Let's just begin by stating that you do not need to run slower ALL THE TIME. Unless you are working on building your base mileage, you can and should be adding faster runs (i.e. speedwork) into your training routine. Basically, neither slow long runs or fast short runs stand alone.
OK, back to why it works. The ultra simplified reason is that slow long runs increase your endurance and increased endurance is the key to running faster. Basically, slow running allows you to run MORE (often with less chance of injury than fast running) and running more now and having a stronger base helps you to run faster later.

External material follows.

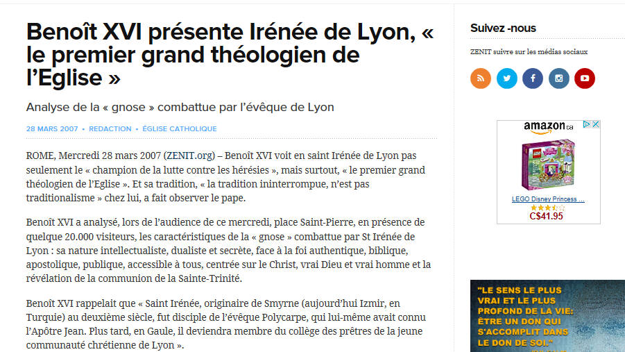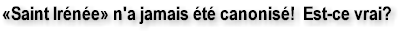 #33) Cinquième réfutation «Irénée de Lyon n'a pas été canonisé»
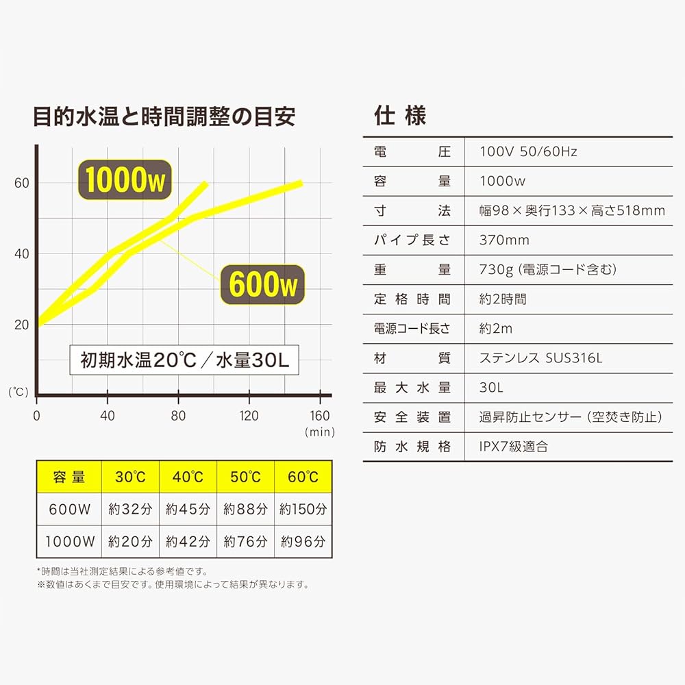 Safe and secure bucket heater with sensor to prevent overheating [Applications] Electric heater that heats water in buckets for interior design, civil engineering and construction sites, outdoor leisure, etc. [Features] - Overheating prevention sensor that turns off the power when the temperature exceeds a certain level. - The three legs prevent the heater from touching the bottom of the bucket, increasing the stability inside the bucket. - The pipe part is made of stainless steel and is rust resistant, making it easy to clean and store. , The highest water level line is marked on the main pipe, so there is no need to worry about it disappearing or coming off. - The hook part is movable, so it can be adjusted according to the size of the bucket. [Notes] *In the product package Please be sure to read the "Safety Precautions" listed and use the product correctly. *Please do not disassemble, repair or modify this product unless you are a repair technician. *Do not use in areas with gunpowder, volatile flammable materials, or flammable materials. *Do not allow children to use it or use it within the reach of young children. *Please use a separate AC 100V outlet. *It may cause fire or electric shock. *Be sure to unplug the plug from the outlet when not in use. *Please connect the ground wire to the ground terminal to ground. *Be sure to turn on the heater underwater. *If the bucket container falls over during use, immediately unplug the plug from the outlet and stop using it. *When taking the heater out of the water, pull out the plug and wait for the heater to cool down sufficiently. *Do not damage, damage, modify, forcibly bend, pull, twist, or bundle the power cord. *Do not use to heat anything other than water. *Do not use water other than tap water or well water (seawater, rainwater, etc.). *Do not put the mold part in water. *Do not use for overheating a bath. *Please do not empty the fire. *Do not use below the minimum water level. *Do not use in resin containers. *Do not touch the heater during or after use. *Also, do not place it on top of flammable materials. *Please keep an eye on it while using it.

But, there are more benefits than that:
- The thought is that running too hard every day will cause over training. The body needs time to get stronger and adapt to the stresses you place upon it. By slowing down, we aid the body in adapting and recovering.
- Slow running improves your aerobic system, which also improves your ability to run harder paces.
- Running at a slower pace will help improve your capillary system which improves the rate at which blood gets to your muscles when you do run fast.
- Slow running trains your body to use fat as a fuel helping to spare your glycogen stores.
- Slow running simulates race duration, building your mental strength.
- You recover quicker from an "easier" effort, allowing you to have a better quality workout when you do speed up.
Did I convince you to try it? I know, probably not. Slowing down is a hard pill to swallow. But really, what's the worst that can happen?